期刊名称:Journal of Advances in Modeling Earth Systems
电子版ISSN:1942-2466
出版年度:2020
卷号:12
期号:9
页码:1-25
DOI:10.1029/2020MS002091
出版社:John Wiley & Sons, Ltd.
摘要:Continental shallow cumulus (ShCu) clouds observed on 30 August 2016 during the Holistic Interactions of Shallow Clouds, Aerosols, and Land‐Ecosystems (HI‐SCALE) field campaign are simulated by using an observation‐constrained cloud‐system resolving model. On this day, ShCu forms over Oklahoma and southern Kansas and some of these clouds transition to deeper, precipitating convection during the afternoon. We apply a four‐dimensional ensemble‐variational (4DEnVar) hybrid technique in the Community Gridpoint Statistical Interpolation (GSI) system to assimilate operational data sets and unique boundary layer measurements including a Raman lidar, radar wind profilers, radiosondes, and surface stations collected by the U.S. Department of Energy's (DOE) Atmospheric Radiation Measurement (ARM) Southern Great Plains (SGP) atmospheric observatory into the Weather Research and Forecasting (WRF) model to ascertain how improved environmental conditions can influence forecasts of ShCu populations and the transition to deeper convection. Independent observations from aircraft, satellite, as well as ARM's remote sensors are used to evaluate model performance in different aspects. Several model experiments are conducted to identify the impact of data assimilation (DA) on the prediction of clouds evolution.
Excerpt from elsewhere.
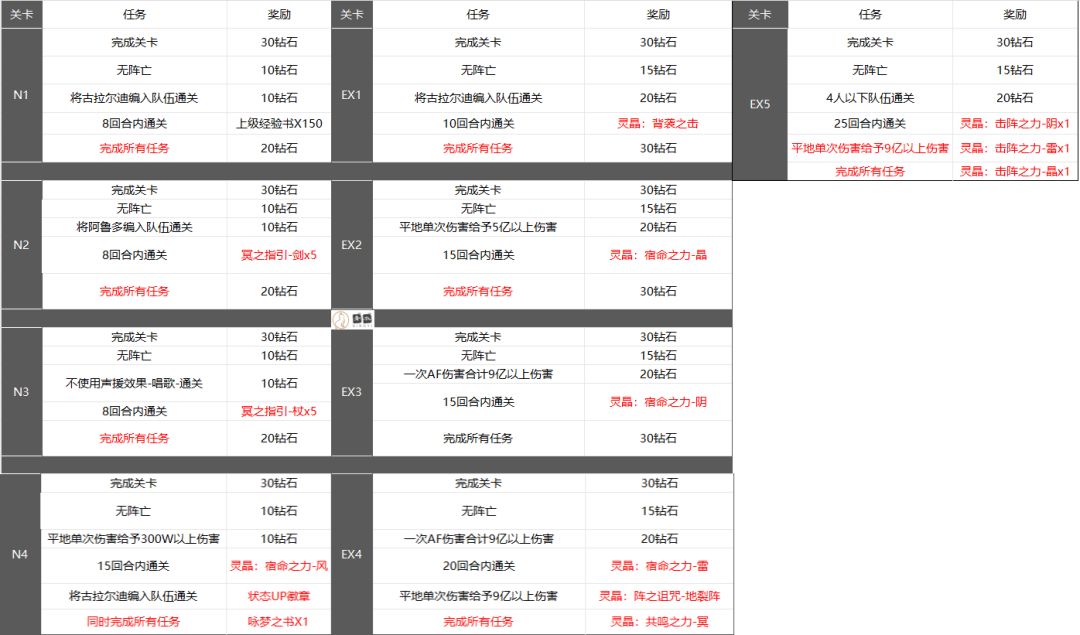 EX-1/2/3/5:搭档用提特拉-愈療之铃+里雷诺,第五关要求4人队伍,记得调整队伍

The analyses indicate that ShCu populations are more accurately reproduced after DA in terms of cloud initiation time and cloud base height, which can be attributed to an improved representation of the ambient meteorological conditions and the convective boundary layer. Extending the assimilation to 18 UTC (local noon) also improved the simulation of shallow‐to‐deep transitions of convective clouds.